When Does a Carbon Project Really Begin?
- Eco Sustainability

- Sep 15
- 2 min read
As part of Eco Sustainability’s participation in Verra’s Version 5 technical consultation on the Verified Carbon Standard (VCS), we weighed in on one of those technical details that actually matters a lot: when exactly a carbon project is considered to have “started.”
It sounds like bureaucracy, but the definition of a project start date affects when credits can be issued and whether they reflect genuine climate benefits. Right now, the rules are inconsistent across methodologies. Some count planning steps. Others treat early pilot activities as the start. That patchwork creates confusion for developers and opens the risk of credits being claimed too early.

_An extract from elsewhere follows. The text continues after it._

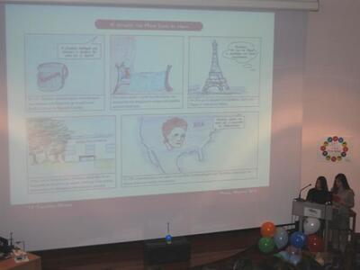 Η Ομάδα μαθητών του 13ου Γυμνασίου Πατρών με υπεύθυνη την καθηγήτρια Γαλλικής φιλολογίας κα Βασιλική Παπαγιάννη, παρουσίασε τη δημιουργία ενός κόμικ με θέμα «Η ζωή της Μαρίας Κιουρί σε κόμικ μέσα από τα μάτια των μαθητών του 13ου Γυμνασίου Πατρών». Κατά την παρουσίαση, το κόμικ ζωντάνεψε με μια σκηνή ανάμεσα στη Μαρία Κιουρί και την κόρη της που οι μαθητές έπαιξαν στα γαλλικά.

Verra’s move to separate the project start date from the initial crediting period date is a good step. It creates a cleaner framework and avoids the mixing of two very different concepts. But there is still a lot of grey area. Take reforestation as an example. Does the project start when the land is fenced, when the ground is prepared, or when the first seedlings go into the soil? Without activity-specific guidance, developers and auditors will continue to interpret these rules differently.
Pilots are another tricky case. Even small trials, like a test plot of trees or a limited wetland rewetting, can permanently change land use or trigger benefit-sharing arrangements with communities. These changes affect the baseline scenario, even if the emission reductions look small at first. If the rules don’t capture this, we risk undercounting the true climate impact of these early actions.

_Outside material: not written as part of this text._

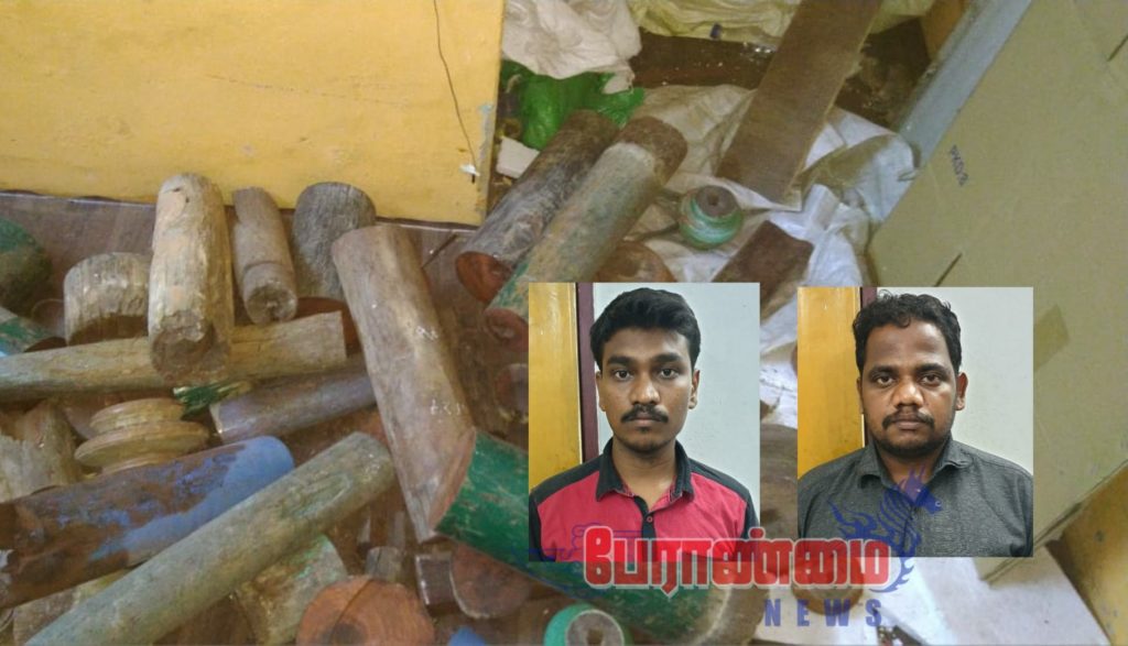 மரக்கடையில் 10 லட்சம் மதிப்புள்ள செம்மரக் கட்டை பறிமுதல் இருவர் கைது.

What we argued in our consultation feedback is simple. A start date should only be triggered by clear, on-the-ground interventions that move the project away from business as usual. Desk work, feasibility studies, and early stakeholder meetings should not start the clock. At the same time, once physical actions have begun, the system needs clarity on which actions matter most.
This may feel like fine print, but it is the fine print that determines whether a credit is credible. By defining start dates more clearly, Verra can improve consistency across projects and, more importantly, strengthen trust that every issued credit represents a real step toward climate progress.